Sunday, 25 January 2015

What To Do On a Date

Yesterday was fun. I spent the afternoon trying out some recipes and spending time with Iris. After making pasta,she asked if we could bake some cookies. I went through our baking goods and found dried dates beside the brown sugar. And so I decided to use them up for sticky toffee pudding.

This is a simple recipe that I used for Mother's Day brunches in large quantity. Compared to many others I researched, this is by far the simplest. No steaming, you see. Easy to freeze and reheat, sticky toffee can be made individually or in large quantity. It is also very inexpensive and uses ingredients that most people will have in their home inventory most days of the week.

Anyways, try this recipe on a Sunday afternoon for your fam. They won't be disappointed. In fact, it is so simple that you should deduct an administration toffee from their dessert account.

Sticky Toffee Pudding

55 g Dried Dates, finely chopped
200 ml Water, boiling
1 Tsp Baking Soda

100 g Butter (plus a little extra for greasing ramekins or muffin tins or whatever), room temp
150 g Brown Sugar
2 Eggs
1 Tsp.  Almond Extract
125 g Flour
.5 Tsp Salt
1 Tsp Baking Powder

For the sauce:

120 g Butter
175 g Brown Sugar
1 Tbs Frangelico liqueur (optional?) 
200 ml 35% Whipping Cream 
Pinch of Cinnamon 

Preheat your oven to 350 degrees. Grease ramekins with butter. 
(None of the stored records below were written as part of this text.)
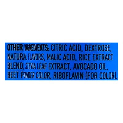 INGREDIENTS: Other Ingredients: Citric Acid, Dextrose, Natural Flavors, Malic Acid, Rice Extract Blend, Stevia Leaf Extract, Avocado Oil, Beet Powder Color, Riboflavin (for Color).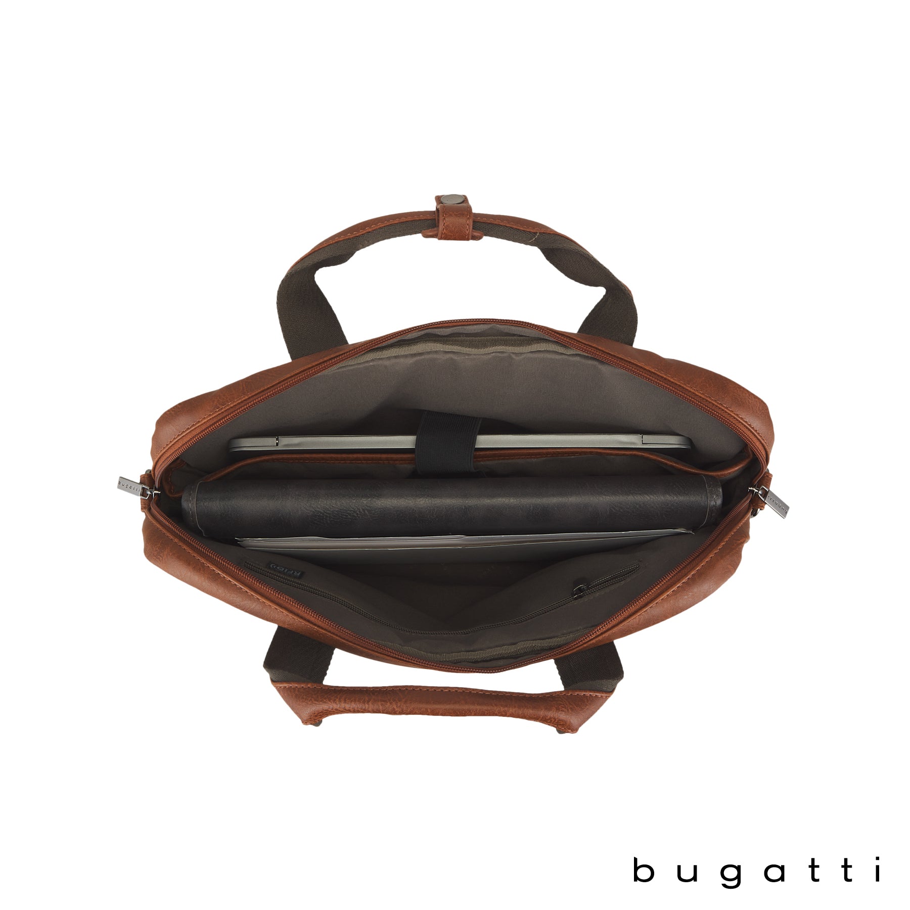 Whether heading to the office, an important meeting or traveling for work, make a bold statement of style and sophistication with the Bugatti Valentino Briefcase. This sleek designed laptop bag is crafted with premium vegan leather and cotton canvas trims and is fully lined with soft-touch Bugatti lining. The main compartment has a padded 15.6-inch laptop pocket and a zippered pocket with RFID anti-identity-theft protection. Four zippered pockets with multiple interior pockets provide ample organization for all your papers and accessories. Carry it securely with the reinforced carry handles, the cotton canvas removable and adjustable strap with shoulder pad and metal hardware, or open the rear pocket to utilize the hideaway cotton canvas trolley strap.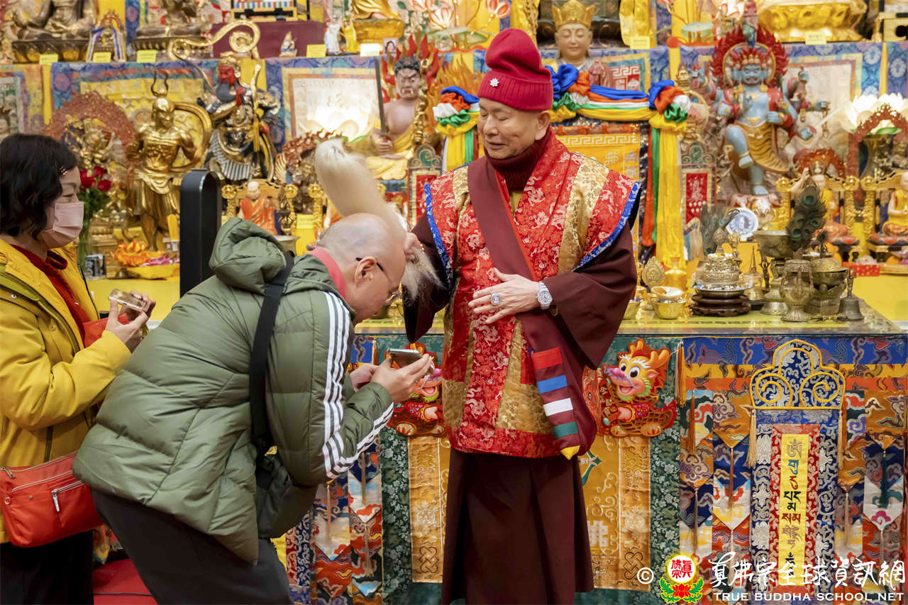 聖尊精彩的比喻與開示,讓信眾們理解到維摩詰居士的神通不可思議,大家報以熱烈的掌聲。接著法王為新皈依者做皈依灌頂,加持大悲水,並以佛塵一一加持與會大衆。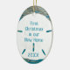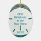 Tropische Weihnachtsschmuck für eine neue Zuhause. Erste Weihnachten in einer neuen Zuhause, Sand Dollar und tropischen Inselszene mit individuellem Text auf beiden Seiten. Geben Sie die neue Adresse und das festgelegte Jahr ein. Verwenden Sie für eine permanente Zuhause oder eine neu erworbene Zuhause.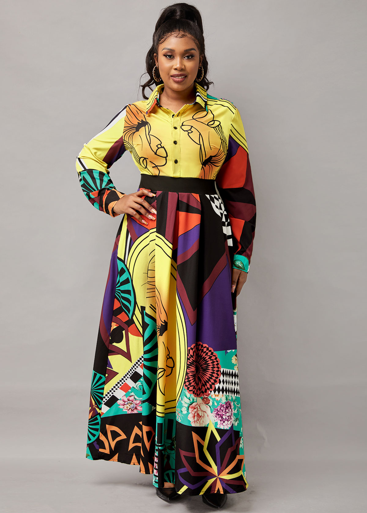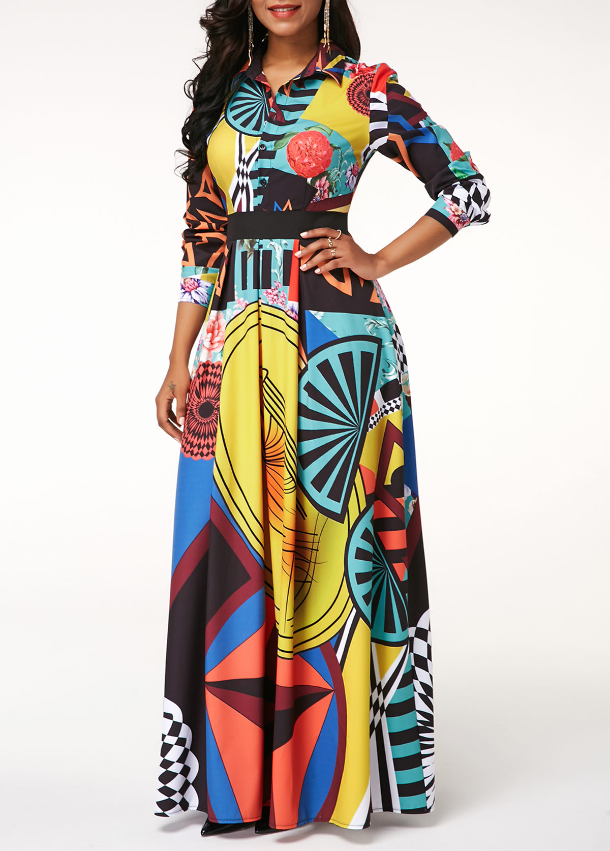 • Printed Button Up Long Sleeve Turndown Collar Dress
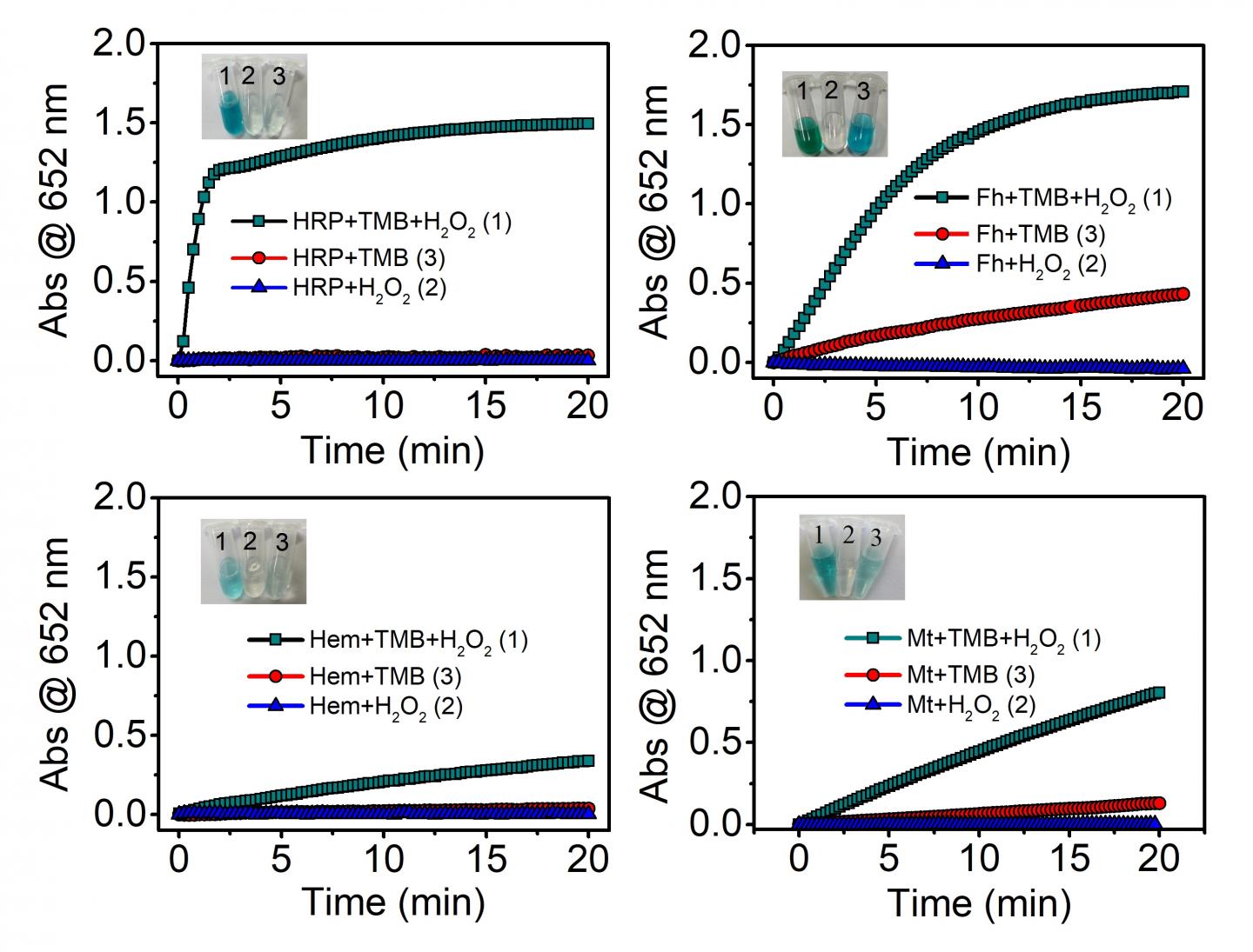 image: Colorimetric reaction catalyzed by the peroxidase-like activity of natural enzymes (HRP) and mineral nanozymes with substrates (TMB). HRP, horseradish peroxidase. TMB, 3,3?,5,5?-tetramethylbenzidine. Fh, ferrihydrite. Hem, hematite. Mt, magnetite.

On your stove top, bring water to a boil. Add your dates and removed from heat. Stir for 1 minute. Add baking soda and watch it rise. Let cool for a few minutes.

In a stand mix or with a hand mixer, cream the butter for one minute. Add sugar and continue blending for another minute. Add eggs one at a time and almond extract and mix until blended. 

In a separate bowl, combine flour, salt and baking powpow. Whisk to combine and add to the wet mixture. Mix until blended. Pour in liquid dates and fold together. 

Pour mixture into your ramekins and bake for 20 - 22 minutes. Careful not to fill too high. The pudding rises and can overflow. It's a neat look but a pain to wash.

For the sauce: In a sauce pan melt butter until frothy. Add sugar and stir until dissolved. Add 100 ml of the cream and bring to a boil stirring frequently. Remove from heat. Add Frangelico and stir. 

Whip remaining cream until stiff peaks. Add pinch of cinnamon. 

Using a paring knife, cut around the pudding in the ramekin and remove onto plate. Drizzle (or drown, according to preference) with caramel sauce and garnish with whipped cinnamon cream. 

Makes 8 servings. 

A Humble Chef's tip: when chopping up your dates, dip your knife into hot water occasionally and wipe.